Lab 5: Retrieval-Augmented Generation with MCP

This lab demonstrates how to build a document question-answering system using Retrieval-Augmented Generation (RAG) with MCP. You'll create a system that allows Claude to access and query a vector database of documents.

Prerequisites

  • Docker and Docker Compose
  • Basic understanding of vector databases and embeddings
  • Familiarity with RAG architecture

Introduction

Retrieval-Augmented Generation (RAG) is a powerful technique that enhances language models by retrieving relevant information from external knowledge sources.
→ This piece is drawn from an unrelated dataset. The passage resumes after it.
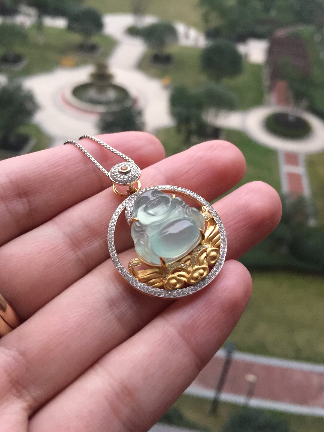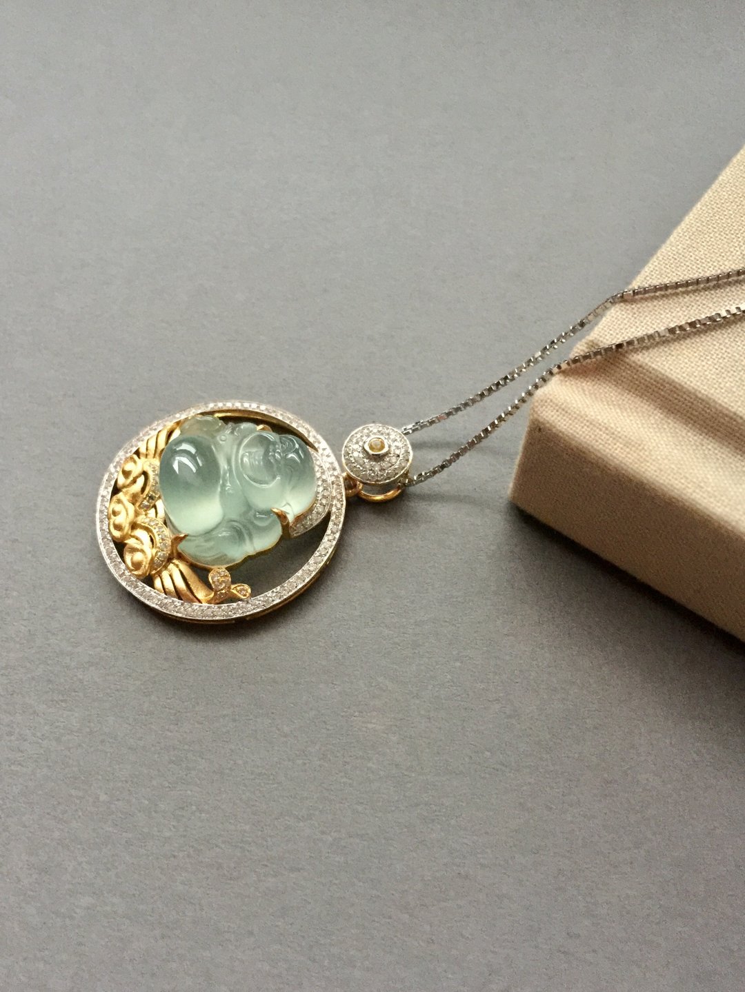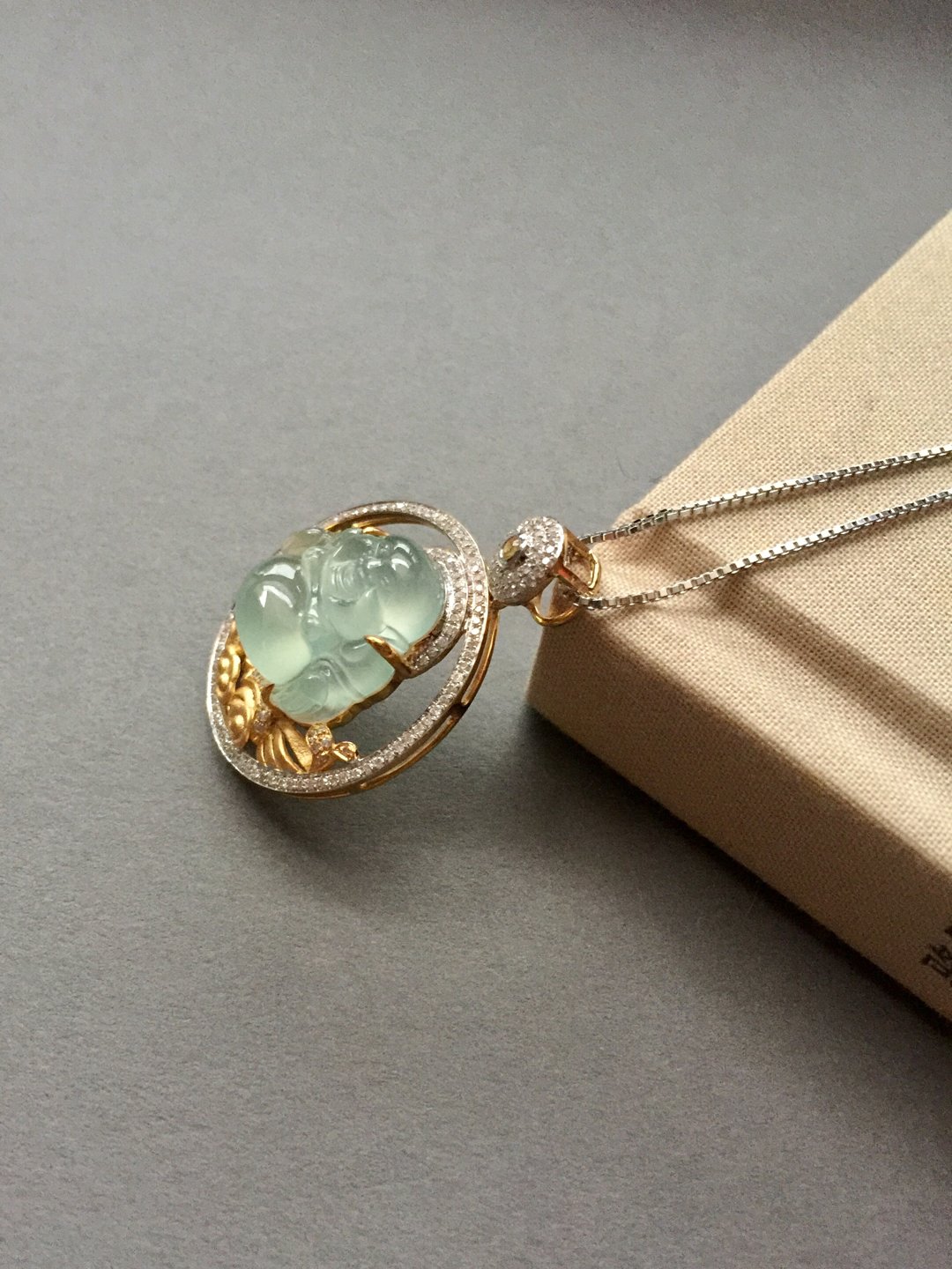 高冰种弥勒佛,16*16.5*7.8mm,镶嵌后33.7*26.2*10.7mm,晶莹剔透的种水,荧光四射,这饱满的身形和精致的雕工看得人心醉,佛公开怀大笑,让人忘却尘世的烦恼,18k白金和黄金混合镶嵌工艺加上满满的钻石,华丽而又时尚,这样一件好东西,无论是犒劳自己还是馈赠长辈都是不二选择
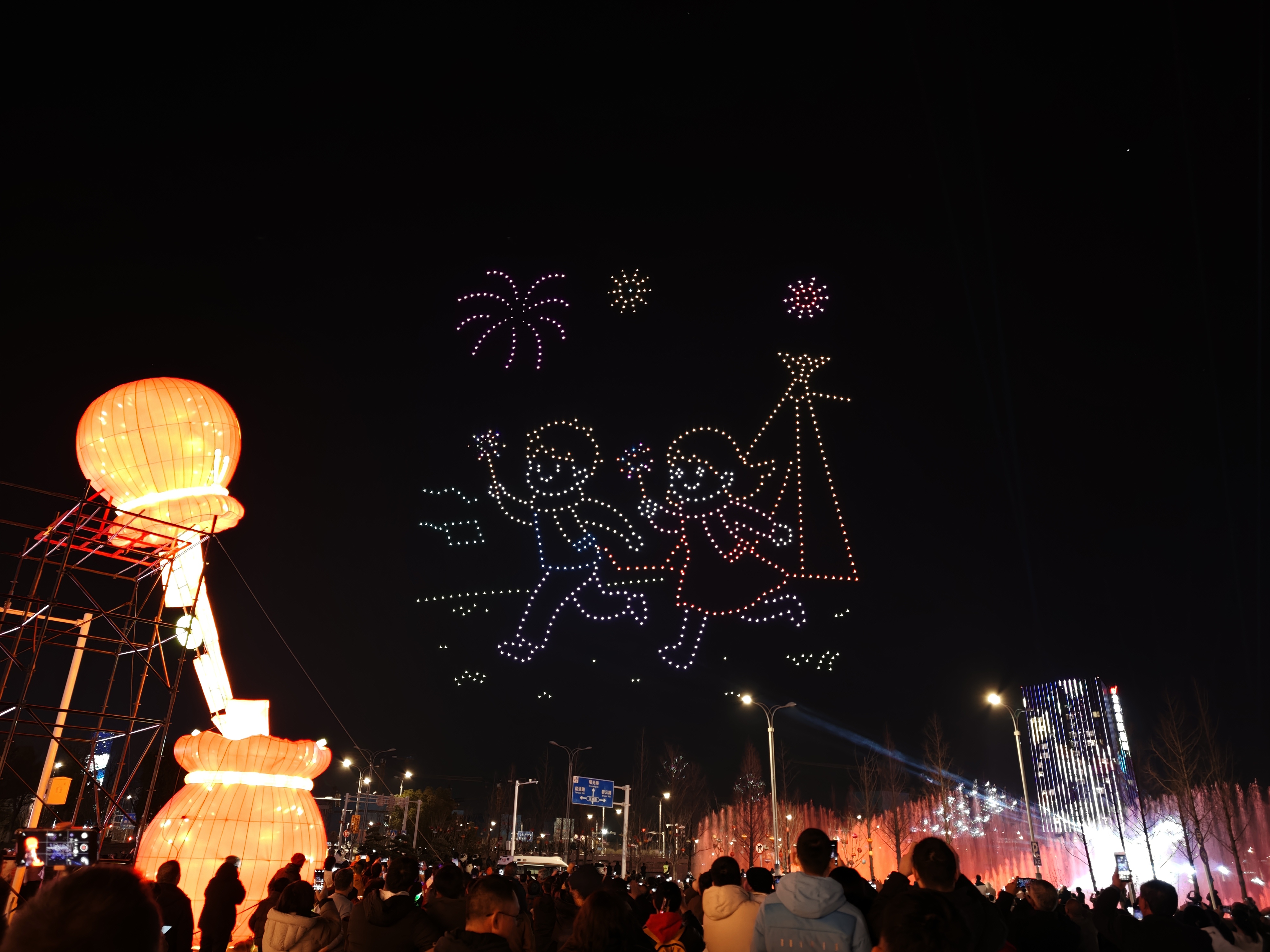 “表演很精彩,每个画面都很有意义。”从南京回扬州过年的刘先生带着孩子全程观看,“孩子一直仰着头看,说这是见过的最大的‘烟花’。”

In this lab, you'll build a complete RAG system using MCP that allows Claude to answer questions about technical documentation.

What is RAG?

Retrieval-Augmented Generation (RAG) combines retrieval systems with generative AI. It enhances LLM responses by retrieving relevant information from external knowledge sources, enabling more accurate, up-to-date, and contextually relevant answers without retraining the model.

Step 1: Project Setup

Create a new project directory:

mkdir mcp-rag-system
cd mcp-rag-system
mkdir -p config data/documents services/document-store services/rag-server

Step 2: Setting Up the Vector Database

We'll use Chroma, a lightweight vector database, for this project.

Create a service for document ingestion and retrieval in services/document-store/app.py:

from flask import Flask, request, jsonify
import chromadb
import os
import hashlib
import uuid
import numpy as np
import json
import logging
from chromadb.utils import embedding_functions

app = Flask(__name__)
logging.basicConfig(level=logging.INFO)

# Set up ChromaDB
client = chromadb.PersistentClient(path="/data")

# Use OpenAI embedding function
openai_ef = embedding_functions.OpenAIEmbeddingFunction(
    api_key=os.environ.get("OPENAI_API_KEY"),
    model_name="text-embedding-3-small"
)

# Create or get the collection
collection = client.get_or_create_collection(
    name="documents",
    embedding_function=openai_ef,
    metadata={"hnsw:space": "cosine"}
)

@app.route('/health', methods=['GET'])
def health_check():
    return jsonify({"status": "healthy"})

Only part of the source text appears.